[Dataset content Boundary: Start]

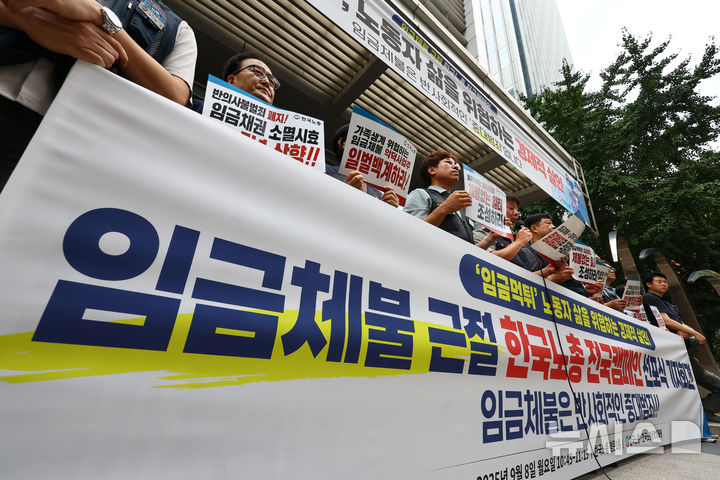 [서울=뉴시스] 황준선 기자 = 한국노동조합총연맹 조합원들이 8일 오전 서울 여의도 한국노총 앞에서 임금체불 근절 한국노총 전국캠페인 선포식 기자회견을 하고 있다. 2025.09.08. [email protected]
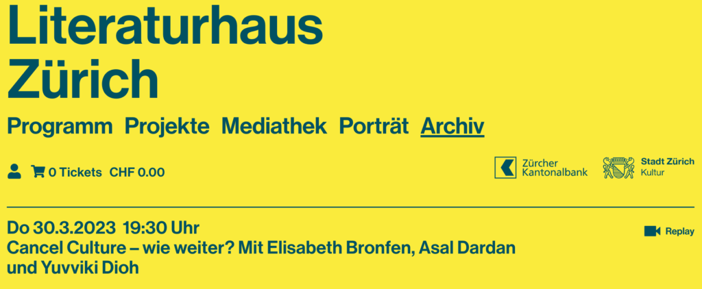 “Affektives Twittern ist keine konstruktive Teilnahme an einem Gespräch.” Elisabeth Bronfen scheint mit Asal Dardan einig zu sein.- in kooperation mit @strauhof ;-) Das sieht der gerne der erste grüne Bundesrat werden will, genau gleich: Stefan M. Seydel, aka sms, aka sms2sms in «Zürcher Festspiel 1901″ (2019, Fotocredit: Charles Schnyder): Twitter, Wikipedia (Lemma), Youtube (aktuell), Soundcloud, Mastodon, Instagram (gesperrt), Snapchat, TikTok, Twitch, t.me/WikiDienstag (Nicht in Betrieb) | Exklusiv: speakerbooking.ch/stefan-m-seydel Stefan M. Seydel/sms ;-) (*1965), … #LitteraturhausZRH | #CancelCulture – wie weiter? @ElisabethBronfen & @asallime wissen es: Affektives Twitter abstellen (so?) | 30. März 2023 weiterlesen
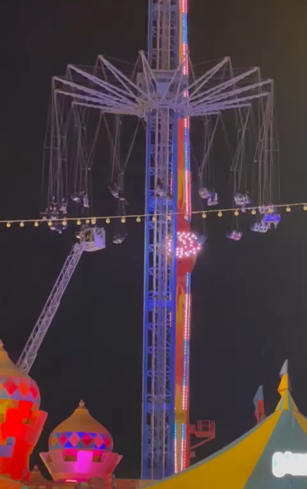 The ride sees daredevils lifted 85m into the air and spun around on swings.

[Dataset content Boundary: End]

* Exercise *
Your copy should start at the line with "März 2023 weiterlesen", stop at the last line of the listing above, match exactly, and contain no pictures.

* Completed task *
 “Affektives Twittern ist keine konstruktive Teilnahme an einem Gespräch.” Elisabeth Bronfen scheint mit Asal Dardan einig zu sein.- in kooperation mit @strauhof ;-) Das sieht der gerne der erste grüne Bundesrat werden will, genau gleich: Stefan M. Seydel, aka sms, aka sms2sms in «Zürcher Festspiel 1901″ (2019, Fotocredit: Charles Schnyder): Twitter, Wikipedia (Lemma), Youtube (aktuell), Soundcloud, Mastodon, Instagram (gesperrt), Snapchat, TikTok, Twitch, t.me/WikiDienstag (Nicht in Betrieb) | Exklusiv: speakerbooking.ch/stefan-m-seydel Stefan M. Seydel/sms ;-) (*1965), … #LitteraturhausZRH | #CancelCulture – wie weiter? @ElisabethBronfen & @asallime wissen es: Affektives Twitter abstellen (so?) | 30. März 2023 weiterlesen
 The ride sees daredevils lifted 85m into the air and spun around on swings.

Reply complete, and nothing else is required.